5 Replies Latest reply: Jun 26, 2009 3:19 PM by 807588 RSS

    Splittin Huge Excel file into small Excel Files Using Java

    807588
      Hi Experts,

      I have to split an excel file containing more than 20000 Rows into 4-5 different excel workbooks each containing equal number of records.
      Kindly help me incase any one of you done done this in Java.

      My logic would be like, if suppose an excel contains 16000 records, the file should be split into 4 different files containing 4000 records each.
      The division should be equal & each excel should on average contain 3000-4000 records.
      In short my formula would be as below

      *(No of records in Master Excel File) / (No of Excel workbooks or Files) = 3000 to 4000 records per workbook.*


      Thanks in advance.

      Regards,
      Venky
        • 1. Re: Splittin Huge Excel file into small Excel Files Using Java
          JoachimSauer
          Ok, you have permission to proceed.
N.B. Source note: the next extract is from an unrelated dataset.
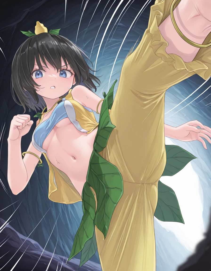 third-sis, yellow gourd, yellow gourd on head, yellow vest, green leaf skirt, yellow pants, short hair, black hair, blue eyes, ???? feet, armlets, anklets, necklace, navel, blue bandeau

          Or with slightly less sarcasm: what is your question?
          • 2. Re: Splittin Huge Excel file into small Excel Files Using Java
            807588
            What I'm trying to ask is how to split an excel file containing 20000+ records into small separate Excel files containing 3000-4000 records each using Java.
            • 4. Re: Splittin Huge Excel file into small Excel Files Using Java
              jduprez
              I have to split an excel file
              What do you call an Excel file?
              If you mean Microsoft's proprietary .xls format, you'll need an API that knows how to read such files. I dont't know of any specific one but I know an excellent way to find one.
              I you mean a mere .csv file (comma-separated values, or often semi-colon-separated values), you may find an existing parsing API as well but it's rather easy to implement it yourself. Have you tried using class StreamTokenizer?
              I have to split an excel file containing more than 20000 Rows
              This is not "huge"; this is a reasonable size for a desktop environment (probably in the magnitude of a hundred MB of data) so if your app needs to run on a desktop, you can load the whole file or the whole parsed content in memory.
              If you need to parse bigger files, of if you have to run on more constrained environments, then it might not fit into memory, so you'd have to read and process the file in chuncks.
              I have to split an excel file containing more than 20000 Rows into 4-5 different excel workbooks each containing equal number of records.
              How are the records organized in the 4-5 files? If it's arbitrary, the easier would be to read lines one by one and stuff each new line in a different output file in turn. Otherwise, organizing the records would probably require to traverse all data twice (one to count them, one to write), not to mention other processing (sorting, filtering,...)
              Kindly help me incase any one of you done done this in Java.
              "it's all about the done-done, da-di-done-dah"
              The division should be equal & each excel should on average contain 3000-4000 records.
              Is is just me or is there a contradiction in this sentence? What is the exact text of the exercice? If it's anything other than an exercice or self-practicing, there may be better ways to handle that than a Java app.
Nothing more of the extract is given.